Los jóvenes adivinaron el sol o la luna. Pero ninguno de ellos lo sabía realmente.
—¿Puedo responder? —dijo el príncipe.
—Si, claro —contestó el trol, y el príncipe habló.
—La lámpara que robaste a la princesa mientras dormía en el jardín —y el trol volvió a asentir.
La tercera pregunta fue aún más difícil.
—¿De dónde viene la comida que han estado comiendo?
Ninguno de los jóvenes pudo adivinarlo.
—¿Puedo decirlo? —preguntó el príncipe.
—Si, si puedes —respondió el trol.
—Viene de la mesa del rey —dijo el príncipe.
Ahora ya podían recoger las bolsas de oro y marcharse. Los jóvenes se marcharon con tanta prisa que el príncipe se quedó atrás. Más tarde se encontraron por el camino con un anciano que les pidió dinero.
—No, no tenemos —respondieron.
Así que se apresuraron a seguir, y el príncipe los siguió lentamente.
—Señor, ¿tiene una moneda para un hombre pobre? —preguntó el anciano.
Y el príncipe le dio una bolsa llena de monedas de oro.
—No la quiero —dijo el anciano, que en realidad era el trol que acababan de dejar—. Pero como eres tan generoso, aquí tienes la lámpara de la princesa, y la princesa misma está en la cueva donde la encontraste, pero no sé cómo la salvarás sin la espada mágica.
Ahora el príncipe sabía dónde estaba y podía ir a rescatarla. Se disfrazó de mercader y viajó a su ciudad, donde vivían su madre, la reina y el jefe de los bandidos. Encargó al orfebre un gran número de ollas de cocina hechas de oro puro. Cuando las ollas y marmitas de oro puro estuvieron listas, el príncipe las puso en su cesta y se dirigió al palacio, donde pidió hablar con la reina. La reina se enteró de la existencia de las ollas de oro y acudió enseguida a verlas. Mientras tanto, el príncipe se coló rápidamente en su dormitorio para llevarse la armadura y la espada sin que su madre se diera cuenta.
—Son objetos preciosos —dijo—, ¿cuánto quieres por ellos?
—Ponga usted el precio, Su Majestad —respondió el príncipe.
La reina no lo sabía y dijo que quería esperar a su marido. El príncipe se inclinó y esperó en silencio en un rincón. Cuando regresó el jefe de los bandidos, la reina gritó:
—Ven a ver estos hermosos objetos —pero cuando el jefe de los bandidos entró en la habitación, el príncipe lo tocó con la espada mágica y cayó al suelo.
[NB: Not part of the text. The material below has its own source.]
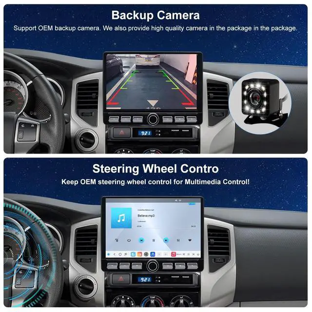 ^^ Retain Your Vehicles Original FeaturesMaintain full control with support for your cars original steering wheel controls, allowing you to adjust volume, change tracks, and answer calls with ease. Plus, it works seamlessly with your existing backup camera, providing a familiar and convenient driving experience.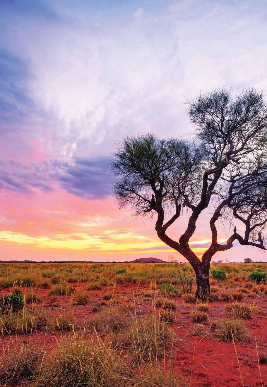 as extensiones aparentemente infinitas de desiertos rojos se abren en todas las direcciones, como si aquí –en una de la coordenadas más remotas de la Tierra–el mundo aún no hubiera terminado de nacer. En el Outback australiano, el tiempo se mide en millones de años, las rocas ejercen un dominio absoluto sobre el horizonte y sus vistas panorámicas, y la tierra resplandece con los tonos escarlatas, cobrizos y carmesí de la naturaleza viva.

—Quizás ahora me reconozcas, madre —dijo el príncipe mientras se quitaba la ropa de mercader—. Será mejor que te arrepientas de todo el mal que me has hecho, de lo contrario tu vida no durará mucho más.
—¡Oh, perdóname! —gritó—. No pude evitarlo. Tenía mucho miedo.
El príncipe la perdonó. El malvado rey tuvo que quitarse la ropa y fue enviado al bosque, donde los animales salvajes lo despedazaron. El príncipe envió a la reina de vuelta a su tierra. Luego fue a la cueva donde estaba encadenada la princesa y, con la ayuda de la espada mágica, la rescató de nuevo. Se embarcaron rumbo a Arabia, donde se casaron, gobernaron ambos países y vivieron felices para siempre.